Look through the records below, and copy out every line that holds the string "como".

== Available records ==
<<<<
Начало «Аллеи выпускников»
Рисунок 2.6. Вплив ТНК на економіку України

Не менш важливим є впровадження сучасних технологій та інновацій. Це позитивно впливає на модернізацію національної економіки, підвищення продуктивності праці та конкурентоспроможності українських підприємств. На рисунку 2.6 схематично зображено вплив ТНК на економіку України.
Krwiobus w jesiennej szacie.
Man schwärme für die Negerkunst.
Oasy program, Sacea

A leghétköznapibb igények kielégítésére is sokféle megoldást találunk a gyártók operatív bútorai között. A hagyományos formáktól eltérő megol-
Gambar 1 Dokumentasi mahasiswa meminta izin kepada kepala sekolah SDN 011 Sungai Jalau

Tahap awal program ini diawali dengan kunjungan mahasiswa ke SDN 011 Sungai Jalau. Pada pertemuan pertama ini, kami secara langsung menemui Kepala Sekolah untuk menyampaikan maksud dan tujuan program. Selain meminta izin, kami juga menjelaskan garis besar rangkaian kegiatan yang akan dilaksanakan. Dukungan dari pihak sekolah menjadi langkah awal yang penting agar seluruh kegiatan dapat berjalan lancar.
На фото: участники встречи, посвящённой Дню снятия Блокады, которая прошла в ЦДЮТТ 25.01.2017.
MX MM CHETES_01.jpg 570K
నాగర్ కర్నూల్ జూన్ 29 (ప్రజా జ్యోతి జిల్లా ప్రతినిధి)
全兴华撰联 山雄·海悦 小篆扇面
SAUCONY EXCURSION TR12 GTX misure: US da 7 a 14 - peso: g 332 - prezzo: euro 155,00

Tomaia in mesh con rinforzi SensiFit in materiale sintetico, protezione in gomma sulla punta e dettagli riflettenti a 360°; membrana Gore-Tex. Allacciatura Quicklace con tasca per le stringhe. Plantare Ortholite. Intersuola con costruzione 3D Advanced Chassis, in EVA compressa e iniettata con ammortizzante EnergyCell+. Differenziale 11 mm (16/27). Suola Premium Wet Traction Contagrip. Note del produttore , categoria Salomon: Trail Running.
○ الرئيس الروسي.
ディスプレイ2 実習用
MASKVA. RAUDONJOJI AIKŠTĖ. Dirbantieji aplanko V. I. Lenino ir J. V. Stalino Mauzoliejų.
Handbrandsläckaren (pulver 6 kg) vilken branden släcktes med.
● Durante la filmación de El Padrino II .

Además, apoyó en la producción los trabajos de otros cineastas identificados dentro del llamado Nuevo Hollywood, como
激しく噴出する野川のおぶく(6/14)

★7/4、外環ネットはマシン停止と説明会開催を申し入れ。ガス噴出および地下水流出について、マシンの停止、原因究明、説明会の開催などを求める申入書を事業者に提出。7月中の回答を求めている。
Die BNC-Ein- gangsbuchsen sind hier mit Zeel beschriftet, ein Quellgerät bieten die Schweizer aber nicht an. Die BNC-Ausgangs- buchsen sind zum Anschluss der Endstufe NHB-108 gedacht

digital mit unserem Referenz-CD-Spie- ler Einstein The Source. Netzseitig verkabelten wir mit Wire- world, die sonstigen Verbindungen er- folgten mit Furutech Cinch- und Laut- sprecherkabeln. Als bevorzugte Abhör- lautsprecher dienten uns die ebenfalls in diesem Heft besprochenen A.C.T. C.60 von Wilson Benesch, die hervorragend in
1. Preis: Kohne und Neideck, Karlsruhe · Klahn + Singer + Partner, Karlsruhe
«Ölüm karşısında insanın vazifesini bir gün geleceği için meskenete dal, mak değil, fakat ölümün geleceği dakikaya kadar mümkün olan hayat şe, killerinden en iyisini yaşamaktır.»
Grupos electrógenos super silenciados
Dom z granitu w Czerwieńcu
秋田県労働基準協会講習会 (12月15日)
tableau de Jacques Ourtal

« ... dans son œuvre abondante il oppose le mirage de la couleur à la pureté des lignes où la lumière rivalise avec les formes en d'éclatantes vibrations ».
>>>>
<<<<
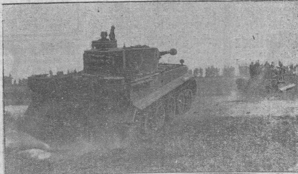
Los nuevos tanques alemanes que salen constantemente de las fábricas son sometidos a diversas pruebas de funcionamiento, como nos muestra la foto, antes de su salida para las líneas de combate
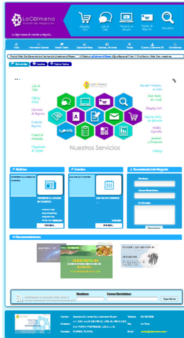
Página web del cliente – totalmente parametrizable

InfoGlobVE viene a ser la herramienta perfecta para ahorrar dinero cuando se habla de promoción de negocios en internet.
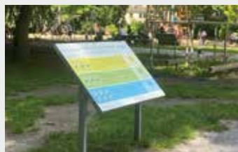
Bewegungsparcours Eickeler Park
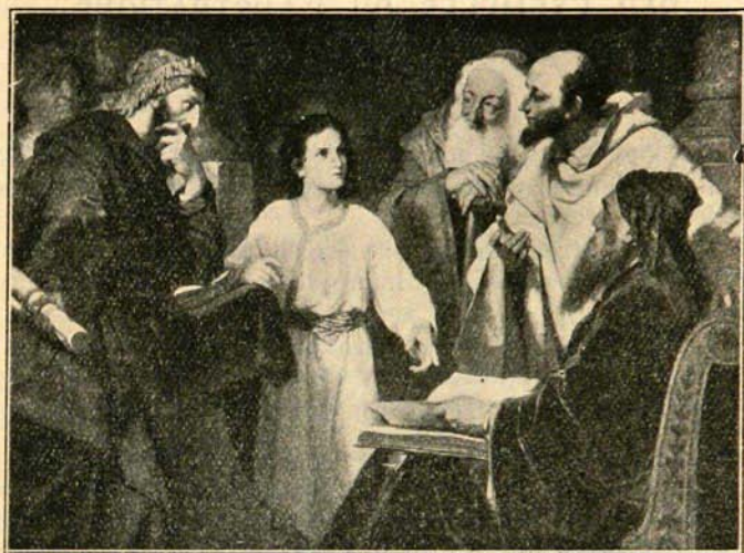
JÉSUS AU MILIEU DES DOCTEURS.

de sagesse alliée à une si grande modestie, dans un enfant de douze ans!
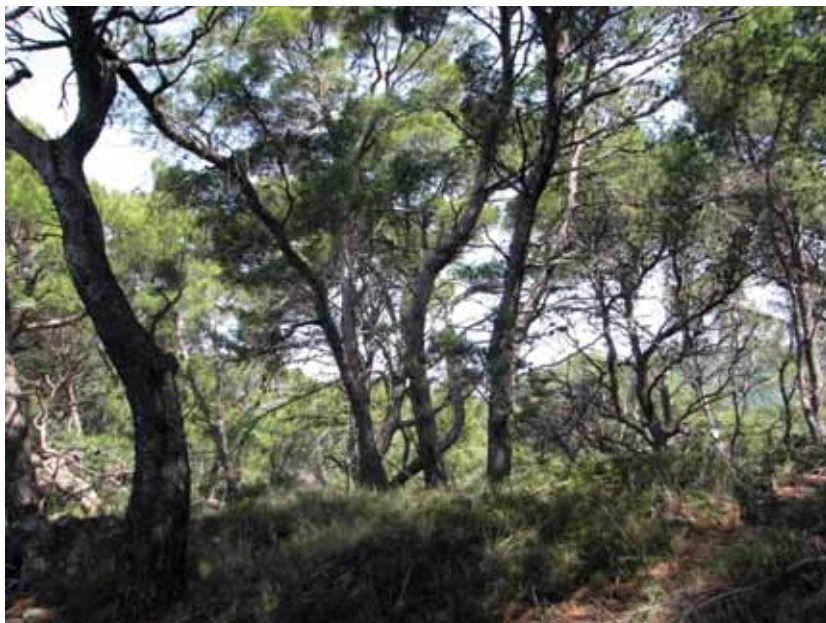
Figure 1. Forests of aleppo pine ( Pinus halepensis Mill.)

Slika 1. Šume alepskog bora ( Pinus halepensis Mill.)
>>>>
== Answer for this exercise ==
Además, apoyó en la producción los trabajos de otros cineastas identificados dentro del llamado Nuevo Hollywood, como
Los nuevos tanques alemanes que salen constantemente de las fábricas son sometidos a diversas pruebas de funcionamiento, como nos muestra la foto, antes de su salida para las líneas de combate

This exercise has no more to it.